Curve Finance’s recovery efforts are further bolstered by their recent announcement of a $1.85 million bounty. This generous reward will be granted to anyone who can provide accurate information leading to the identification and apprehension of the attackers holding the remaining funds. 

By offering this substantial bounty, Curve Finance actively encourages community participation and collaboration to expedite the investigation and bring the perpetrators to justice.

Curve’s Post-Hack Safety Report

Following a thorough investigation, Curve Finance discovered that the exploit primarily targeted the aleth, peth, mseth, and crveth pools. 

The vulnerability stemmed from a bug within the vyper 0.2.15-0.3.0 version, which the protocol promptly identified as the root cause of the breach.
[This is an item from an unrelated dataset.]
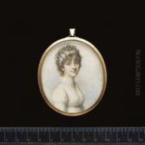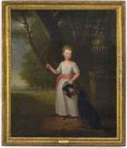 A Portrait Of A Lady In A White Dress With A Pink Sash By A Balustrade

By swiftly pinpointing the issue, Curve Finance was able to take immediate action to mitigate any further risk to its users.

It is important to note that all other pools on Curve Finance have been confirmed as safe and unaffected by the exploit, according to Curve’s update. This assurance gives users the confidence to continue utilizing the platform, knowing that their funds remain secure within these pools.

Alongside the technical remediation, Curve Finance collaborates with security experts, auditors, and the broader DeFi community to conduct thorough audits and implement additional security measures. 

This collaborative approach aims to reinforce the protocol’s resilience and prevent similar incidents in the future. Overall, Curve Finance’s recovery of 70% of the hacked funds, coupled with its ongoing investigation and bounty initiative, underlines the protocol’s commitment to user protection and the broader DeFi community. 

CRV’s 2.5% decline over the past 24 hours on the 1-day chart. Source: CRVUSDT on TradingView.com

According to Token Terminal data, Curve Finance’s circulating market cap currently stands at $518.76 million, reflecting a decrease of 22.29% over the analyzed period. 

The fully diluted market cap, which represents the potential future market value of the project, is estimated at $1.97 billion.

Curve Finance’s total value locked (TVL), a crucial indicator of the protocol’s popularity and user engagement, currently amounts to $2.44 billion. Despite a decline of 35.19% over the analyzed period, Curve Finance maintains a substantial TVL, highlighting its significance within the DeFi landscape.